ANAI assists you in building quick visualizations based on the type of data and the types of features it has. It gives a quick summary and insights from the data within a few clicks and performs exploratory data analysis with ease.
ANAI can produce a wide range of charts to get quick and insightful visualizations based on your particular use case.
Choosing the best ML model for your data science use case can be a challenging task and a decision that makes your project a success or a failure. ANAI’s over 450+ unique ML models give you the choice to select the right model based on your use case.

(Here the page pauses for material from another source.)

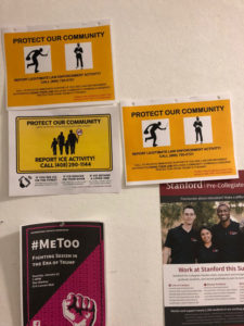 On Jan. 20, another ICE hotline poster was torn from the resident’s door. In response to this act, three students – Jessica Reynoso ’20, Mayahuel Victoria Ramírez ’20 and Araceli Alicia Garcia ’20 – printed over 200 more of the yellow ICE hotline posters with the support of Stanford’s branch of Chicanx Student Movement of Aztlán (MEChA). They proceeded to post flyers all over the foyer and in many of the hallways of Kimball.

ANAI can also automatically train the right set of ML models on your data and give you the best-performing model to deploy in production.
ANAI automatically selects the best hyperparameters for an ML model and gives out a trained model that is robust and accurate for the real world. It runs through hundreds of hyperparameters to conduct hyperparameter tuning that improves the performance of the model and validates it so that you receive a model that can be trusted and deployed with ease into the real world.
ANAI also allows you to get valid explanations of the model outcome using various XAI (explainable AI) techniques such as K-LIME and SHAP. These explanations will help you understand a model more deeply and build more trust in the model. This will provide transparency into your ML models and can help build user trust in your AI-based systems. ANAI’s XAI-based solutions can aid you in building AI systems that are more reliable, responsible, and fair.